Any Chance Van Dyke can argue the case in the supreme court? No, not kidding. I mean is it actually allowed for a lower court judge to argue the case in the supreme court?
Kyle,
Unfortunately, he is not allowed to either argue, or present testimony, in any appeal . . . and while I disagree with some of the stupid rules of my ex-profession, I actually do agree with that one. It was a very solid presentation of simple facts, that any reasonably educated gun-owner knows, but . . . not the judge’s role (nor should it be). I don’t agree with many of the ‘rules’ of my former profession, but this one actually makes sense.
With any luck this video will be of more relevance than other spammed clickbait.

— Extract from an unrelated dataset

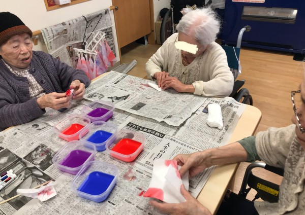 午後のレクリエーションでは和紙染めを行いました!

Plaintiff’s counsel dropped the ball by not entering BATFE and TTB (Tax and Trade Bureau) regulations for calculating the federal excise tax on a firearm as evidence. The United States governments own agencies stipulate that any firearm that uses a detachable magazine MUST include the cost of at least one magazine when establishing the price of a fully functional firearm for taxation purposes as they view it as AN INTEGRAL PART OF THE OPERATING SYSTEM. If 9th Circuit’s ruling is left to stand, the firearms industry is eligible for what might possibly amount to billions (with a $B) in tax credits amassed over the years. The .gov can’t have it both ways – it either is a functional part of the firearm or it isn’t. NSSF and the plaintiffs should take this point and petition TTB for tax credits and let the TTB attorneys go after 9th Circuit to head this off.
and why they should be kicked in the nuts because none of them are upholding their oath to protect the Constitution to the best of their ability.
https://www.youtube.com/watch?v=BKorP55Aqvg
I am thankful that at least one federal judge understands reality.